Michaela Pagel, Assistant Professor, Columbia Business School: Fully Closed: Individual Responses to Paper Versus Realized Capital Gains and Losses

Time:2018-03-14 Print

Topic: Fully Closed: Individual Responses to Paper Versus Realized Capital Gains and Losses

Speaker: Michaela Pagel, Assistant Professor, Columbia Business School

Date: March 14th (Wednesday)

Time: 10:00-11:30am

Location: Building 4, Room 101

Language: English


We use transaction-level data for portfolio holdings and trades as well as account balances, income, and spending of a large sample of retail investors to explore how individuals respond to paper versus realized capital gains and losses.
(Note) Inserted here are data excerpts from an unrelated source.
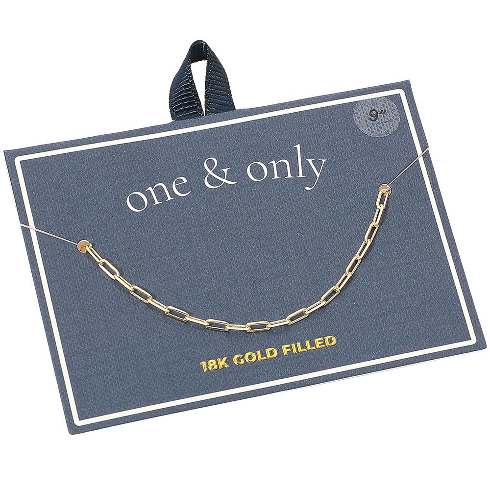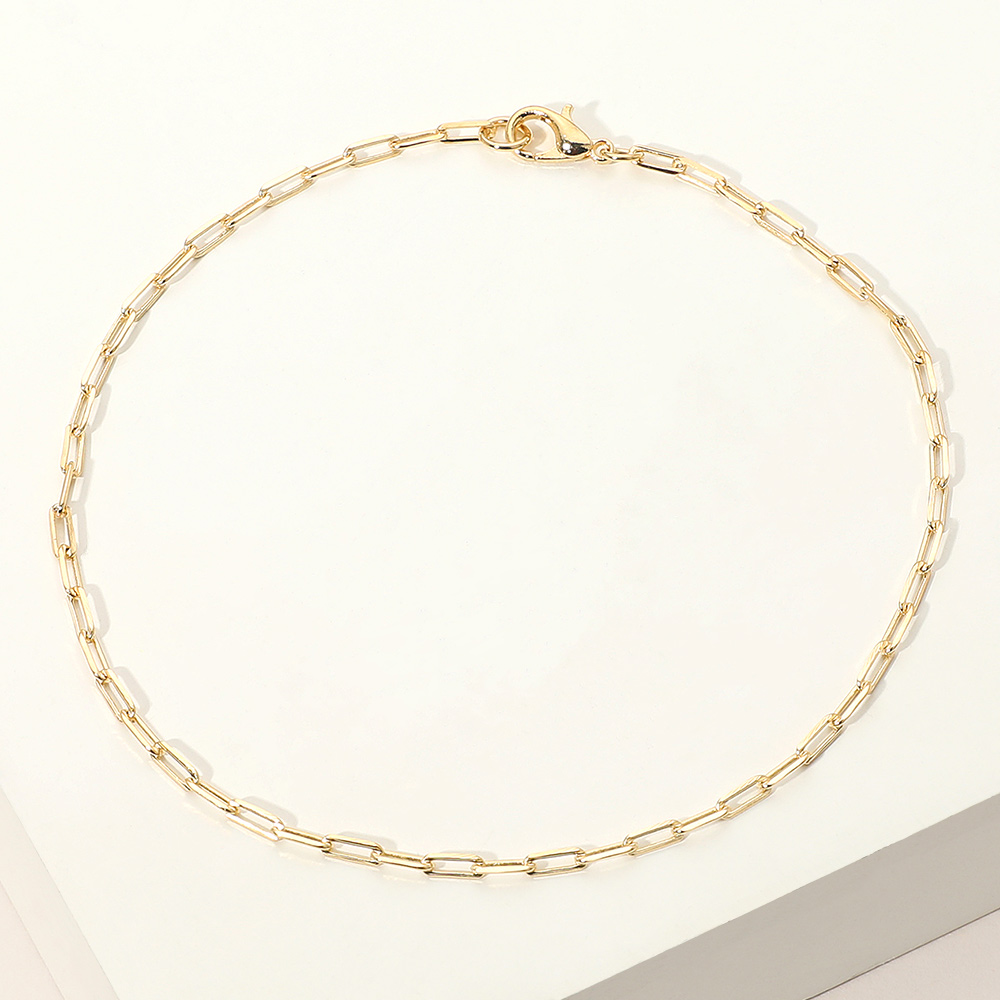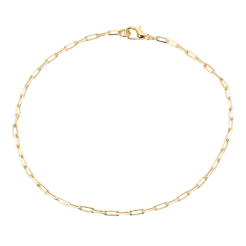 Details • Size : 0.1" H (2mm), 9" L • Lobster Clasp Closure • Sleek rectangular paperclip link chain anklet with a polished modern design that complements any style. Ideal for everyday wear or layering, this minimalist anklet adds a refined touch of elegance and sophistication to your casual and dressy looks alike. • Gold Filled • Lead and Nickel Compliant • Made In Brazil
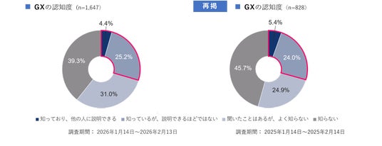 ・ GXの認知度について「知っており、他の人に説明できる」(4.4%)と「知っているが、説明できるほどではない」(25.2%)を合わせると約6割の企業がDXについて認知していることが判明しました。
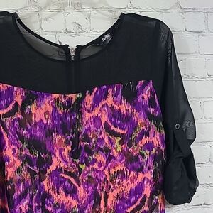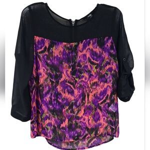 Wrangler Rock 47 Women's Sheer Western Blouse Colorful Roll Tab Sleeve Top
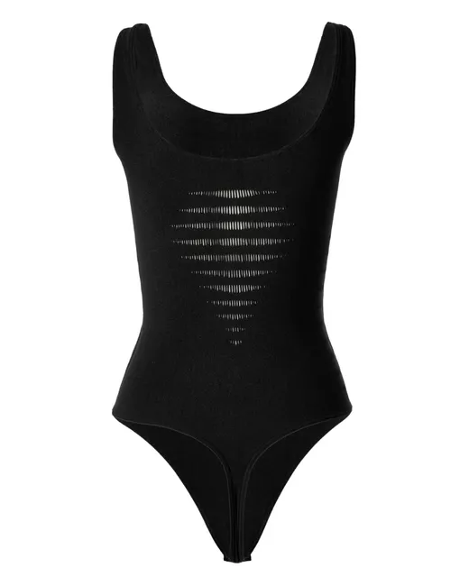 black horizontal slash detailing thong style sleeveless scoop neck body Just a reminder that this piece must be tried on over your own garments.
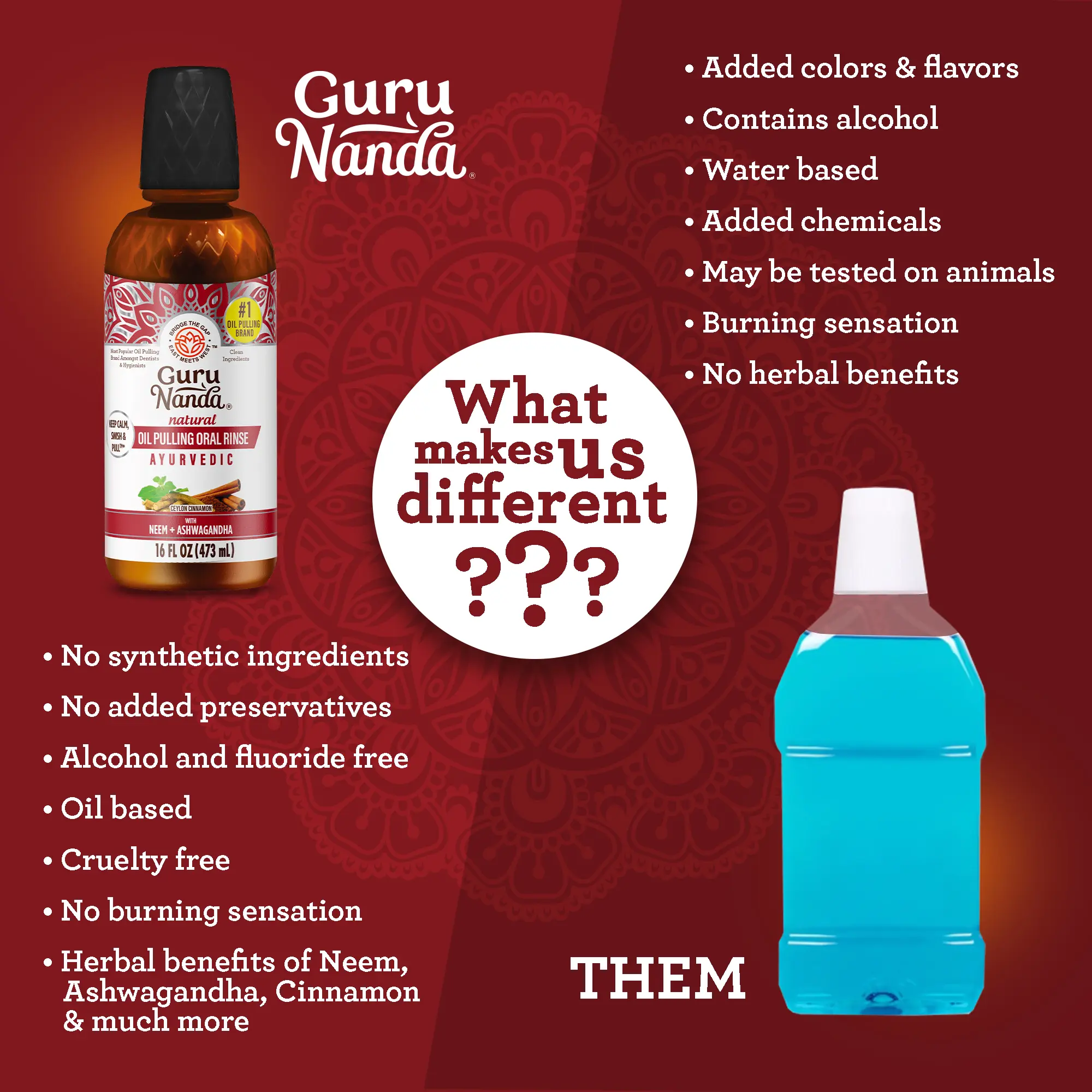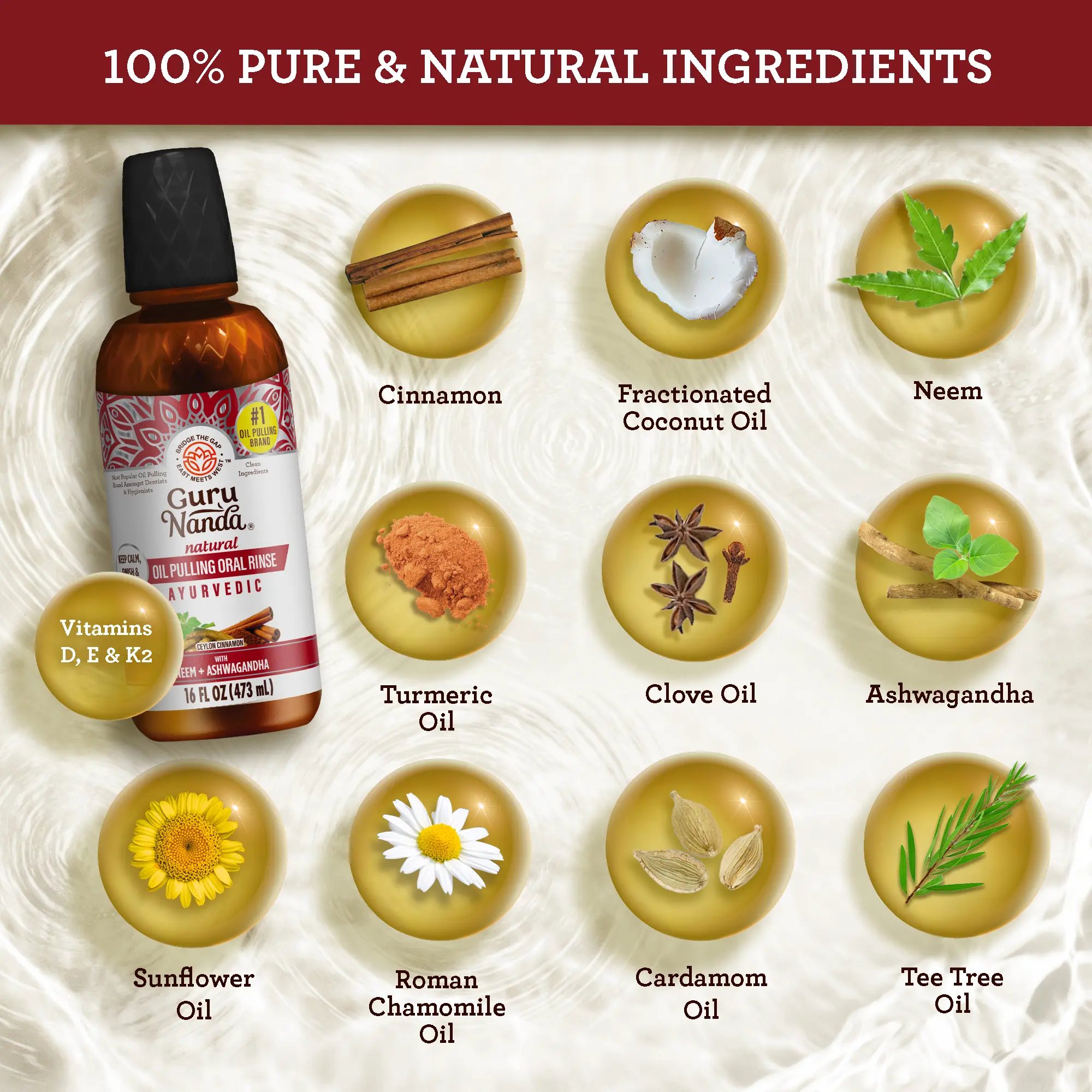 AYURVEDIC TRADITION MEETS INNOVATION: Experience Ayurvedic oil pulling with GuruNanda Ashwagandha Oil Pulling blend . This natural oil and herb fusion offers a modern, holistic approach to oral wellness, maintaining traditional quality.

To identify the effects of realized gains and losses, we exploit plausibly exogenous mutual fund liquidations. Specifically, we estimate the marginal propensity to reinvest out of one dollar received from a forced sale event when the investor either achieved a capital gain or a loss relative to his or her initial investment. Theoretically, if individuals held optimized portfolios, the marginal propensity to reinvest out of forced liquidations should be 100% independent of realizing a gain or a loss. Individuals should just reinvest all of their liquidity immediately into a fund with similar characteristics. Empirically, individuals keep a share of their newly found liquidity in cash, save it, consume it, or reinvest it into different funds, stocks, or bonds. Moreover, individuals reinvest 89% if the forced sale resulted in a capital gain, but only 46% in the event of a loss. Such differential treatment of gains and losses is inconsistent with active rebalancing or tax considerations but consistent with mental accounting and the idea that individuals treat realized losses differently from paper losses.

About the speaker:

Michaela Pagel is an Assistant Professor at Columbia Business School. She received her Ph.D. from the Economics Department at UC Berkeley and works on topics in behavioral economics, household finance, and macroeconomics. Her dissertation focused on the consumption and investment implications of non-standard preferences. More specifically, she theoretically studied how decision-making is affected by people's beliefs about their consumption. Her current work analyzes transaction-level data on income, spending, balances, credit limits, and logins stemming from a financial aggregation app. Furthermore, she is working with bank account data linked to individual investors' security trades and portfolios.